# [Assignment]
Scan the data below for the string "with". Copy every line where it appears.

# [Given records]
########

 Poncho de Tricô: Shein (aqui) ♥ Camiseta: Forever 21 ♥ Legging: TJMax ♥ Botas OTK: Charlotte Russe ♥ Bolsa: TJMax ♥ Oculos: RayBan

########

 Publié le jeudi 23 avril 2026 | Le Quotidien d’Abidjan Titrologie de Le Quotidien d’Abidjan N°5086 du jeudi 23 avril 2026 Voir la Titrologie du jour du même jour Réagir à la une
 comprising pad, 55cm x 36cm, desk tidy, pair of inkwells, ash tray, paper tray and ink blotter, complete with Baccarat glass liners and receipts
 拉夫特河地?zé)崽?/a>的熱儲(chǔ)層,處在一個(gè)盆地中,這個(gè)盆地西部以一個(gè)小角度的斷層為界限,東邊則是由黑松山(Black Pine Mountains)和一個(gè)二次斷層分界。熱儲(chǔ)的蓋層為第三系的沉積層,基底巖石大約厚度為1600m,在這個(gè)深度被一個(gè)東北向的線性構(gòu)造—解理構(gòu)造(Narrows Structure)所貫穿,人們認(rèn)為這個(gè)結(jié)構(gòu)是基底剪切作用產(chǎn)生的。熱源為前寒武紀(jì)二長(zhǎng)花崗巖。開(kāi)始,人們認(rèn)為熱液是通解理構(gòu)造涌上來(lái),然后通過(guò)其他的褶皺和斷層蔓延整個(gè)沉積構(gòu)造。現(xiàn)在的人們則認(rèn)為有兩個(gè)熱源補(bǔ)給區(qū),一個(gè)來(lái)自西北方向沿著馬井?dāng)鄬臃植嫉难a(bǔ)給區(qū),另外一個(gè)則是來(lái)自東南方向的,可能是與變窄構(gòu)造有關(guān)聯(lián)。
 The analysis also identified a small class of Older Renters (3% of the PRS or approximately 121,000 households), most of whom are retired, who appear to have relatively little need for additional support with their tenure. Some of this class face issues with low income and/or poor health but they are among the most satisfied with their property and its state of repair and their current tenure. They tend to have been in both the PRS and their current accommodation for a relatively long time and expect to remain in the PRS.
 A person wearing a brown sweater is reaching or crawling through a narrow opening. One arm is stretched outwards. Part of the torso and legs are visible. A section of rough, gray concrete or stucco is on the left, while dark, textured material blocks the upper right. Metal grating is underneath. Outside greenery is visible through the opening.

########

# [Written solution]
 comprising pad, 55cm x 36cm, desk tidy, pair of inkwells, ash tray, paper tray and ink blotter, complete with Baccarat glass liners and receipts
 The analysis also identified a small class of Older Renters (3% of the PRS or approximately 121,000 households), most of whom are retired, who appear to have relatively little need for additional support with their tenure. Some of this class face issues with low income and/or poor health but they are among the most satisfied with their property and its state of repair and their current tenure. They tend to have been in both the PRS and their current accommodation for a relatively long time and expect to remain in the PRS.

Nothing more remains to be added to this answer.